What to do: Omit all pictures, then print the entries exactly.

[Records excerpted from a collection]
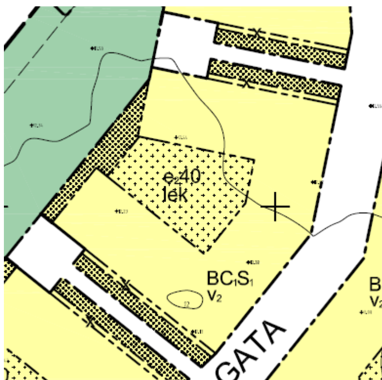
Utklipp ur gällande detaljplan - Detaljplan för Ängelholm 5:16, 5:46 m.fl. Fridhem, DP 1085 .

För området gäller Detaljplan för Ängelholm 5:16, 5:46 m.fl. Fridhem, DP 1085 . Gällande detaljplan medger byggnation av flerbostadshus med möjlighet till centrumändmål i bottenvåning. Högsta byggnadshöjd uppgår till 17 meter (nockhöjd 21 meter), se bilaga 2 för fullständiga planhandlingar.
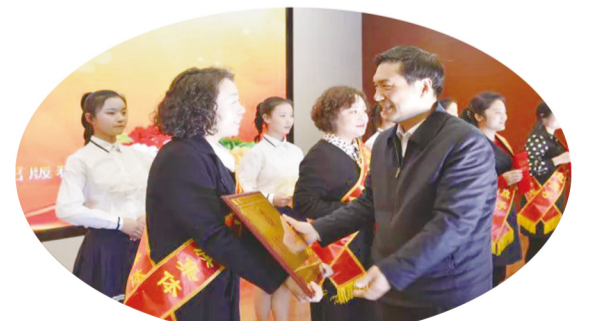
陇南市举办“三八”国际劳动妇女节108周年颁奖典礼暨专题文艺演出
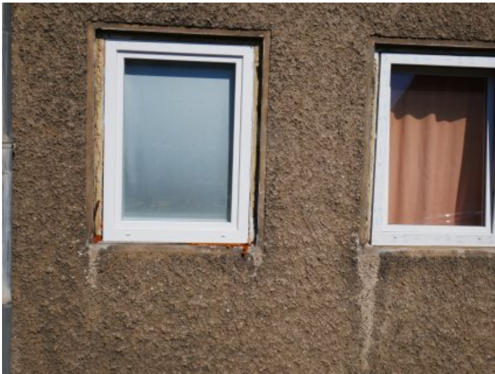
Abbildung 5: Blickrichtung Norden (August 2022)
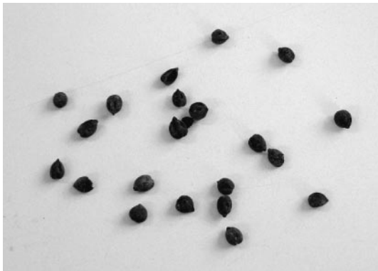
写真② ヤマブドウの種

Reply:
Utklipp ur gällande detaljplan - Detaljplan för Ängelholm 5:16, 5:46 m.fl. Fridhem, DP 1085 .

För området gäller Detaljplan för Ängelholm 5:16, 5:46 m.fl. Fridhem, DP 1085 . Gällande detaljplan medger byggnation av flerbostadshus med möjlighet till centrumändmål i bottenvåning. Högsta byggnadshöjd uppgår till 17 meter (nockhöjd 21 meter), se bilaga 2 för fullständiga planhandlingar.
陇南市举办“三八”国际劳动妇女节108周年颁奖典礼暨专题文艺演出
Abbildung 5: Blickrichtung Norden (August 2022)
写真② ヤマブドウの種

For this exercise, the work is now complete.